I'm used to watching the Super Bowl on my own (don't ask, I like to watch important games without anyone else around, making noise, bothering me, etc.), but this year I've got friends coming over. When I'm on my own, I make tray after tray of nachos, broiling cheese onto singular layers of chips so that none of them are untouched by the melted shreds. That plan, however, is NOT going to work with 10 people in my house. 

My solution is the epitome of trashy-delish. Instead of making nachos for everyone in my house, I decided to make nacho-lasagna, nachosagna. It's a dish of tortillas, beef, salsa, sour cream, refried beans, and of course, CHEESE. SO MUCH CHEESE. Bake this in your oven for an hour and you've got an ooey-gooey platter that everyone will gush over. 

Ingredients

  • 24 Corn Tortillas

  • 2 pounds Ground Beef

  • ¾ tsp Kosher Salt

  • 1 ½ tsp Ground Cumin

  • 1 teaspoon Chili Powder

  • ½ teaspoon Black Pepper

  • 1 16-ounce Jar Salsa (any spiciness)

  • 1 pint Sour Cream

  • 1 15-ounce can Refried Beans

  • 2 bunches Scallions, thinly sliced

  • 8 ounces Pickled Jalapeno (optional)

  • 32 ounces Shredded Cheddar Cheese

  • Optional garnish: sour cream, cilantro, salsa, avocado

 

Directions

  1. Heat oven to 325˚

  2. Brown beef in skillet over medium-high heat, breaking it up into crumbles, 5-7 minutes

  3. Stir salt, cumin, chili powder, and black pepper into beef, continue cooking for 2-3 more minutes. Remove from heat.

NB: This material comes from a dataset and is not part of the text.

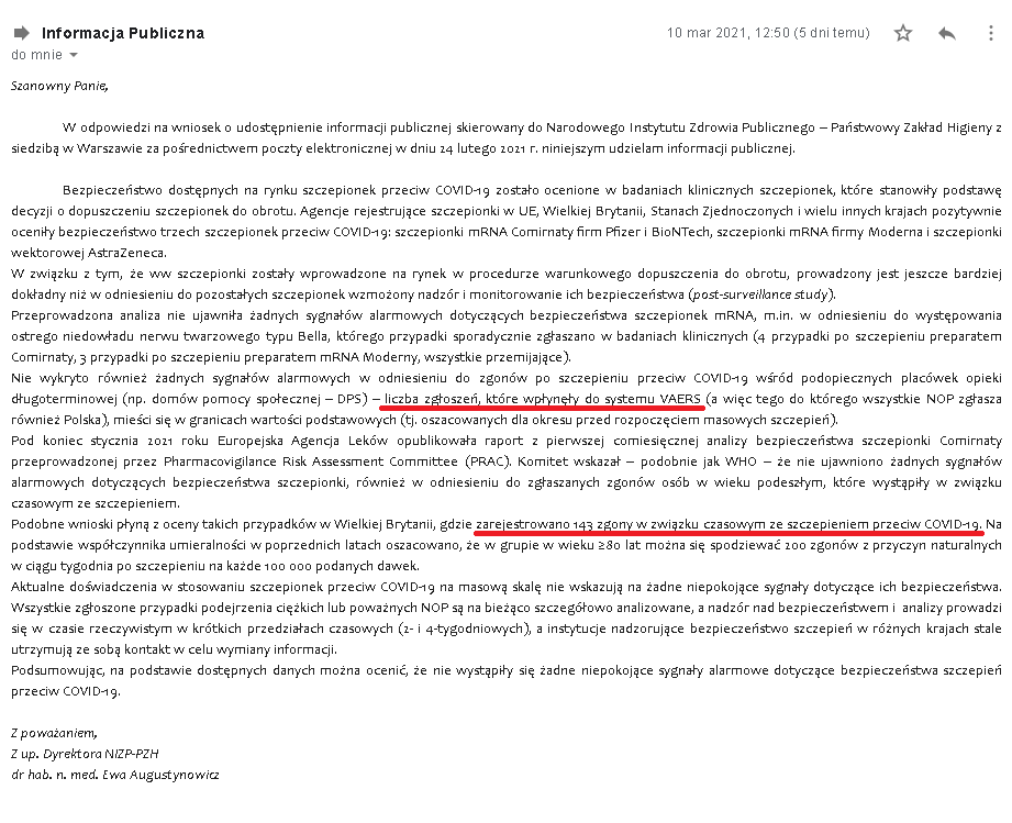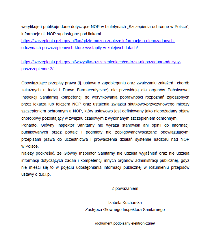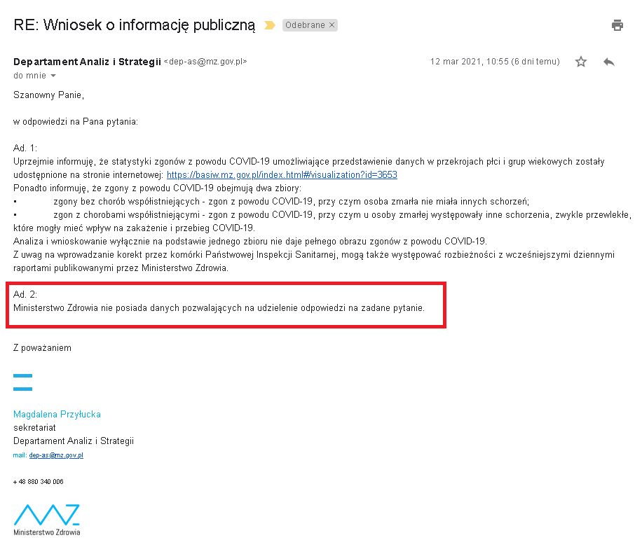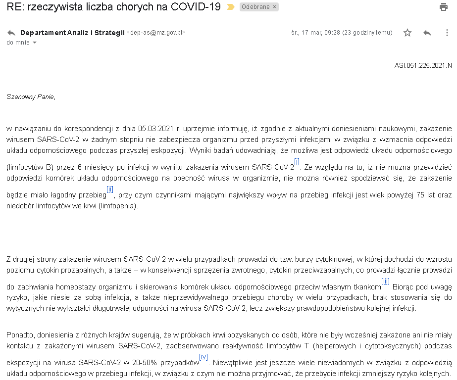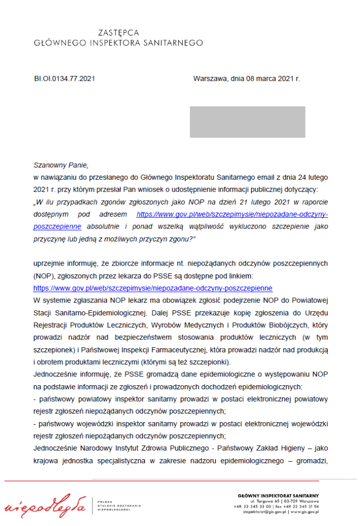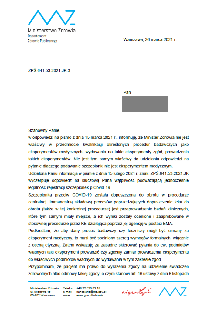 Czyli ostatecznie Ministerstwo Zdrowia przyznaje, że nie potrafi uzasadnić tezy „szczepienie przeciw COVID-19 nie jest eksperymentem medycznym”, którą postawiło w pierwszej wersji odpowiedzi.

  4. In medium bowl, mix together sour cream and refried beans, set aside.

  5. Spoon some beef mixture into the bottom of a 8x12 baking dish.

  6. Cover the beef with 6 tortillas, overlapping in spots to create a complete layer.

  7. Spread sour cream mixture over tortillas.

  8. Add more beef, distribute evenly.

  9. Scatter cheese over beef, evenly.

  10. Add scallions and jalapenos.

  11. Add a second layer of tortillas in the same arrangement, then repeat the layering process: sour cream, beef, cheese, scallion jalapeno.

  12. Add two more complete layers (4 in total), pressing down on the tortillas if it appears to overflow the baking dish.

  13. Top with extra cheese and put baking dish on a cookie sheet (to catch any spilling cheese in the oven).

  14. Bake at 325˚ for about an hour, or until it’s completely melted and gooey.

  15. Garnish with cilantro, salsa, sour cream, and avocado.